## Records shown

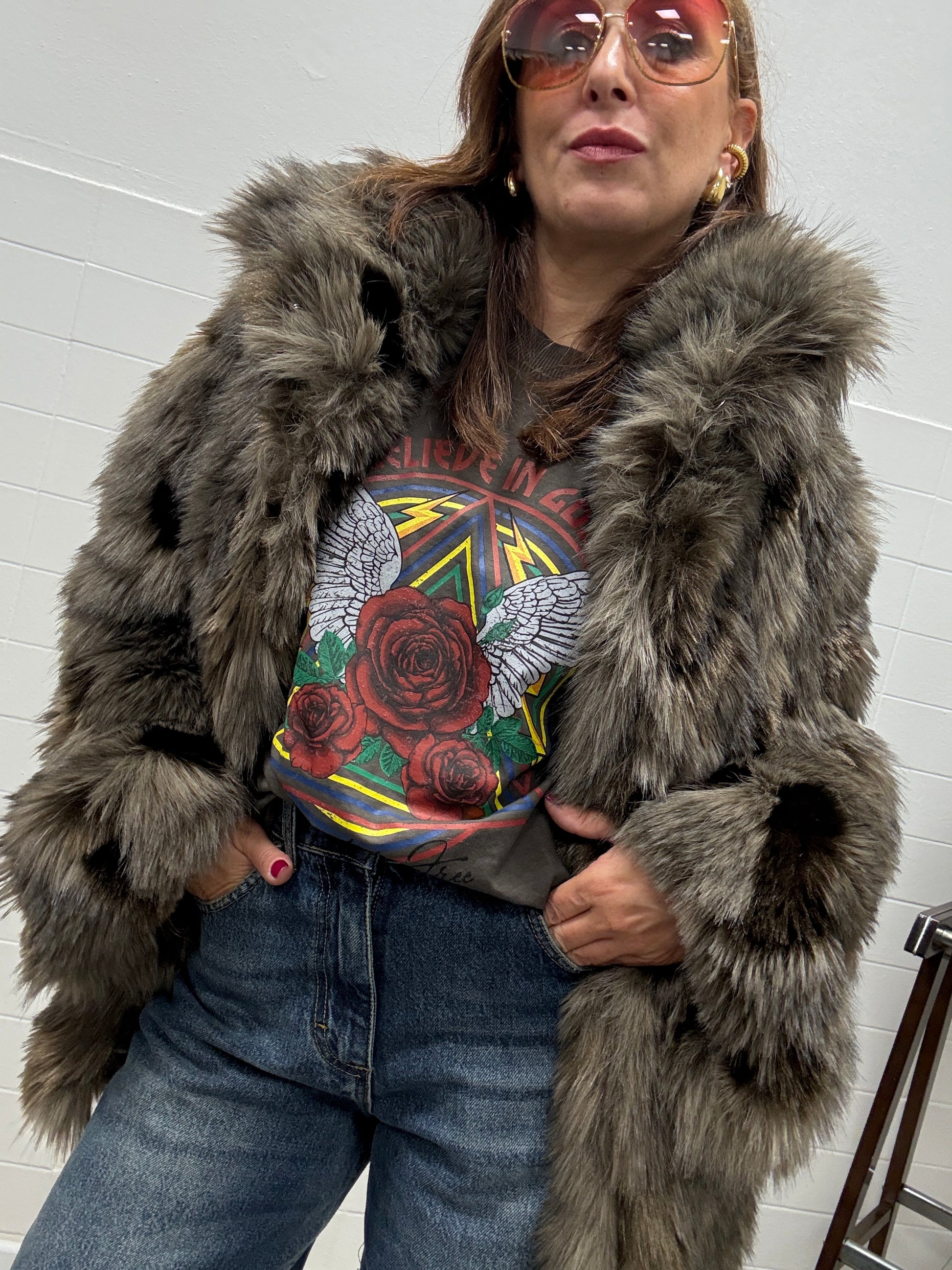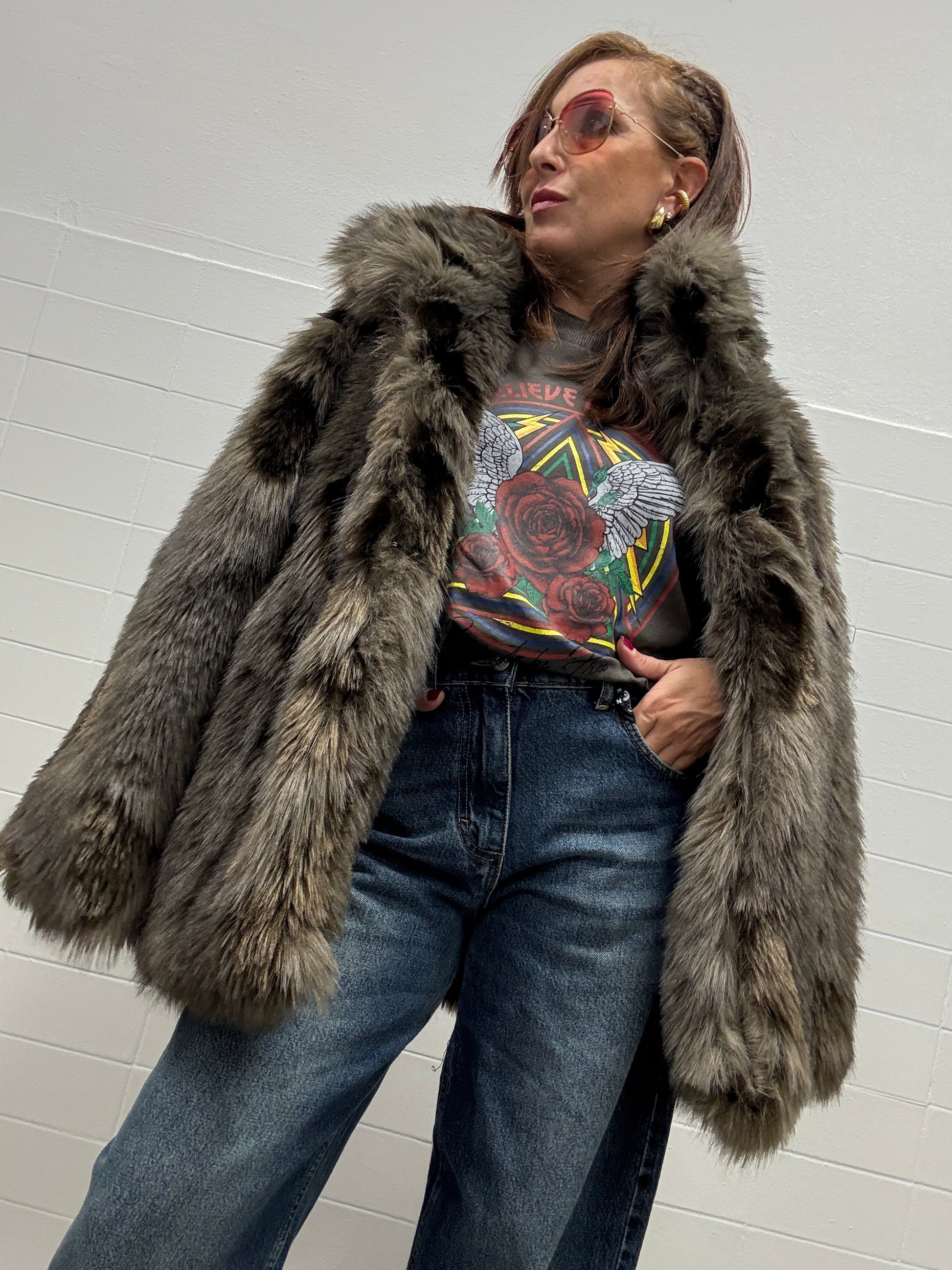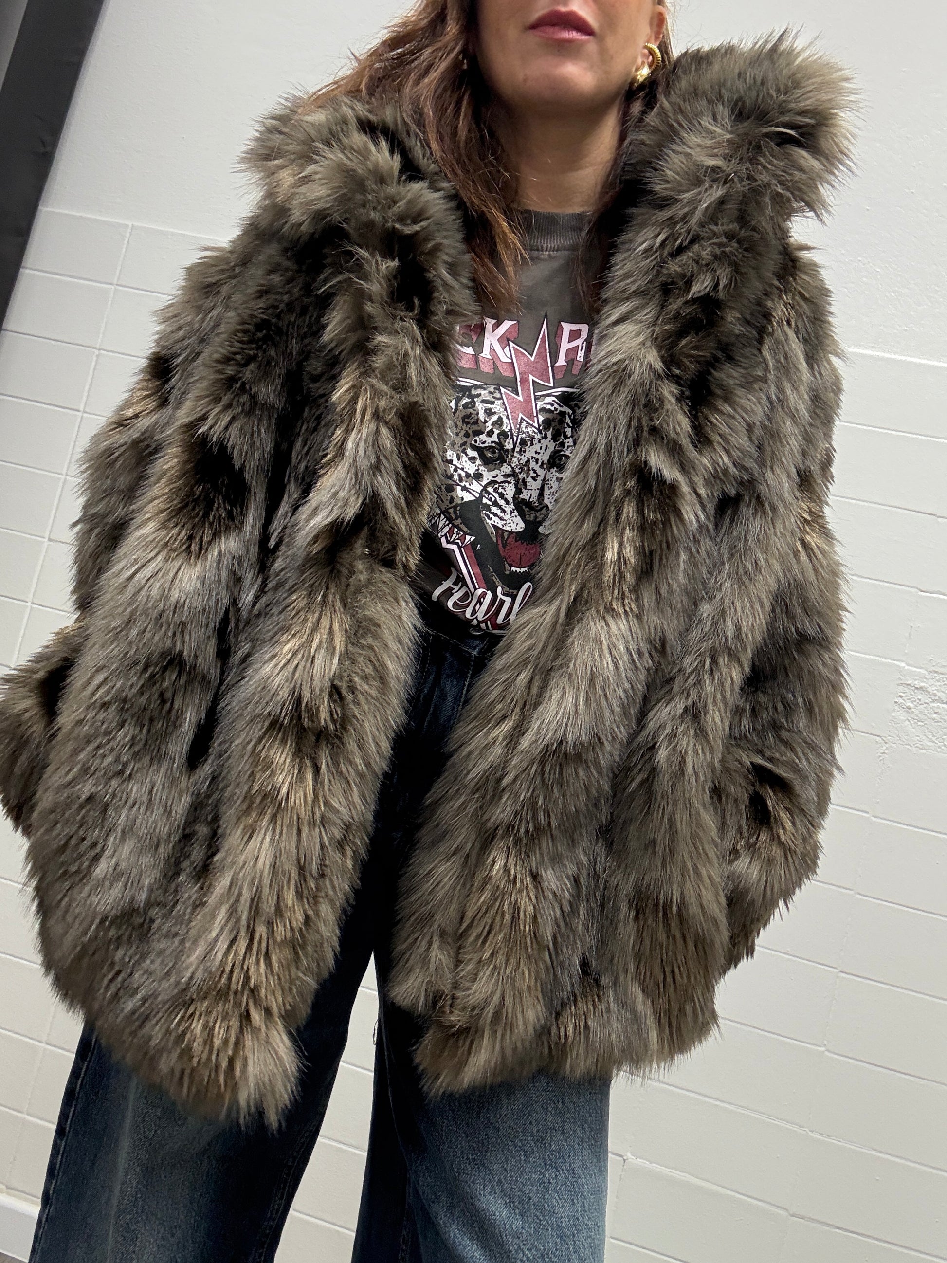 Pelliccia ecologica, modello corto sui fianchi con Rever.
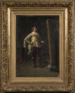 Charles-François PECRUS (1826-1907). Mousquetaire devant un tableau. Huile sur toile. Signé en bas à gauche. 61 x 43,5 cm. Accidents. OH
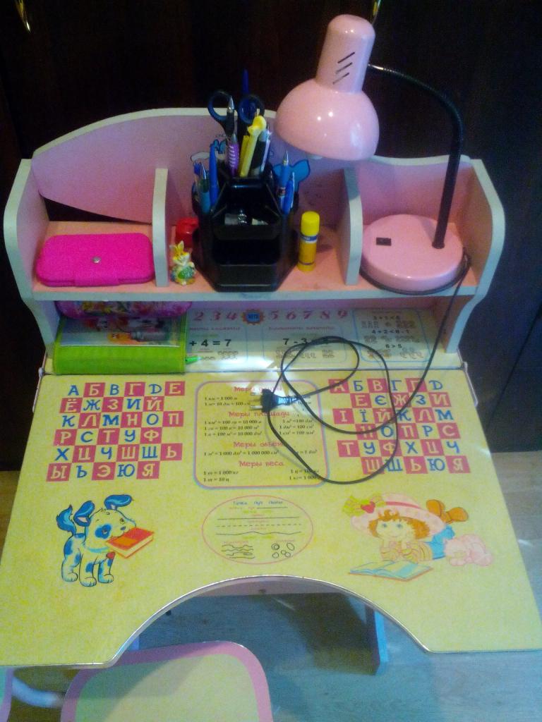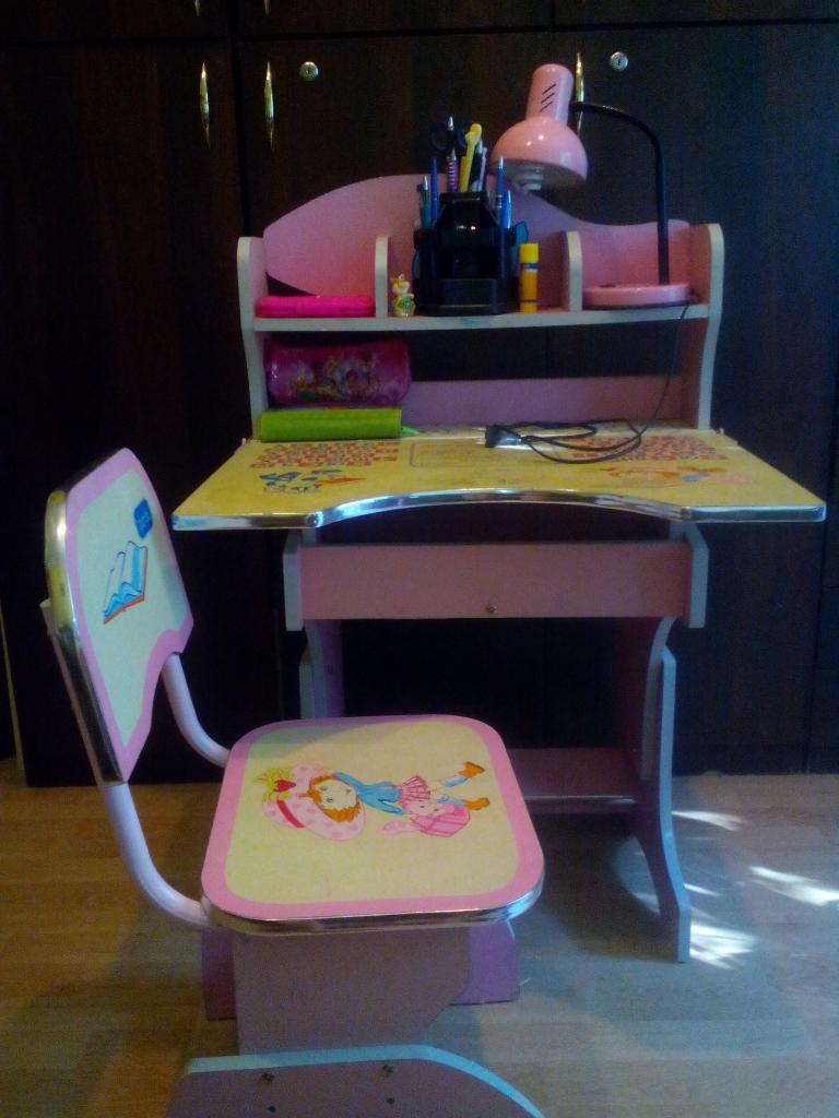 Парта детская трансформер, регулируется по высоте и росту ребенка + в настольная лампа в цвет с партой,
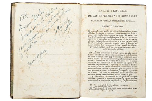 Subasta 710, Lote # 334 ME - Cullen, Guillermo / Brown, Juan / Roche, L. J.- Sanson, L. J. Elementos de Medicina / Nuevos Elementos de Patología Médico - Quirúrgica. a) Cullen, Guillermo. Elementos de Medicina Práctica. Madrid: Imprenta de Benito Cano, 1790. 8o. marquilla, XII + 547 p. Tomo tercero. Picado en margen, no afecta texto. Encuadernado en pergamino. b) Brown, Juan. Elementos de Medicina. Madrid: Imprenta Real, 1800. 8o. marquilla, 186 + CXXIX p. Tomo segundo. Sin cofia, lomo y pastas gastadas. Encuadernado en pasta dura, en piel. c) Roche, L. J.- Sanson, L. J. Nuevos Elementos de Patología Médico - Quirúrgica. Madrid: Imprenta de Verges, 1828. 8o. marquilla, VIII + 479 p. Tomo primero. Lomo y pastas gastadas. Encuadernado en pasta dura, en piel. Total de piezas: 3. Estimado $3,000-4,000
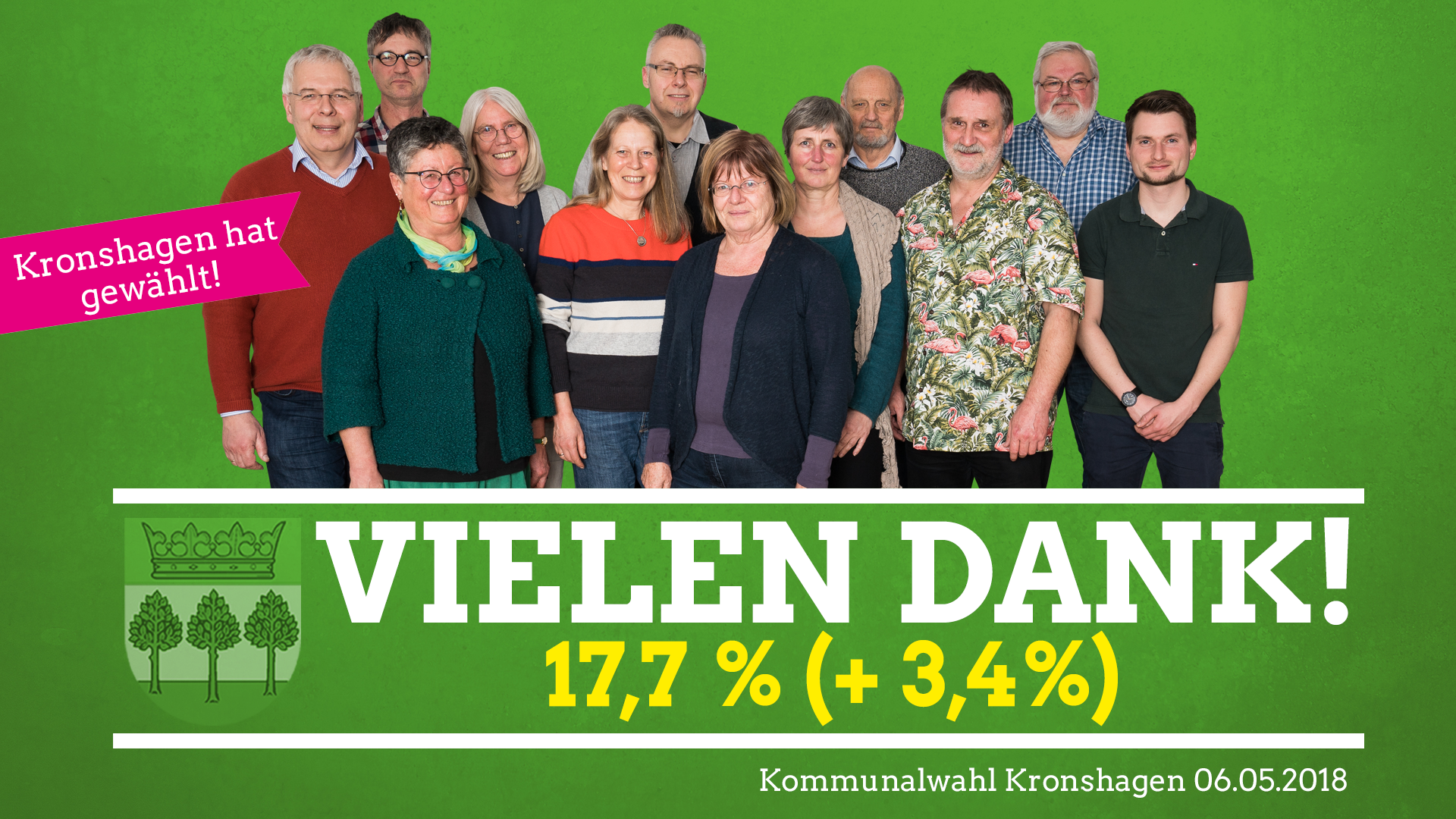Wir bedanken uns bei unseren Wählern für das Vertrauen und werden uns in den nächsten 5 Jahren in Kronshagen mit Grüner Kommunalpolitik.

## What you are asked to do
Would you return all the data exactly as given, minus the pictures?

## Task result
 Pelliccia ecologica, modello corto sui fianchi con Rever.
 Charles-François PECRUS (1826-1907). Mousquetaire devant un tableau. Huile sur toile. Signé en bas à gauche. 61 x 43,5 cm. Accidents. OH
 Парта детская трансформер, регулируется по высоте и росту ребенка + в настольная лампа в цвет с партой,
 Subasta 710, Lote # 334 ME - Cullen, Guillermo / Brown, Juan / Roche, L. J.- Sanson, L. J. Elementos de Medicina / Nuevos Elementos de Patología Médico - Quirúrgica. a) Cullen, Guillermo. Elementos de Medicina Práctica. Madrid: Imprenta de Benito Cano, 1790. 8o. marquilla, XII + 547 p. Tomo tercero. Picado en margen, no afecta texto. Encuadernado en pergamino. b) Brown, Juan. Elementos de Medicina. Madrid: Imprenta Real, 1800. 8o. marquilla, 186 + CXXIX p. Tomo segundo. Sin cofia, lomo y pastas gastadas. Encuadernado en pasta dura, en piel. c) Roche, L. J.- Sanson, L. J. Nuevos Elementos de Patología Médico - Quirúrgica. Madrid: Imprenta de Verges, 1828. 8o. marquilla, VIII + 479 p. Tomo primero. Lomo y pastas gastadas. Encuadernado en pasta dura, en piel. Total de piezas: 3. Estimado $3,000-4,000
Wir bedanken uns bei unseren Wählern für das Vertrauen und werden uns in den nächsten 5 Jahren in Kronshagen mit Grüner Kommunalpolitik.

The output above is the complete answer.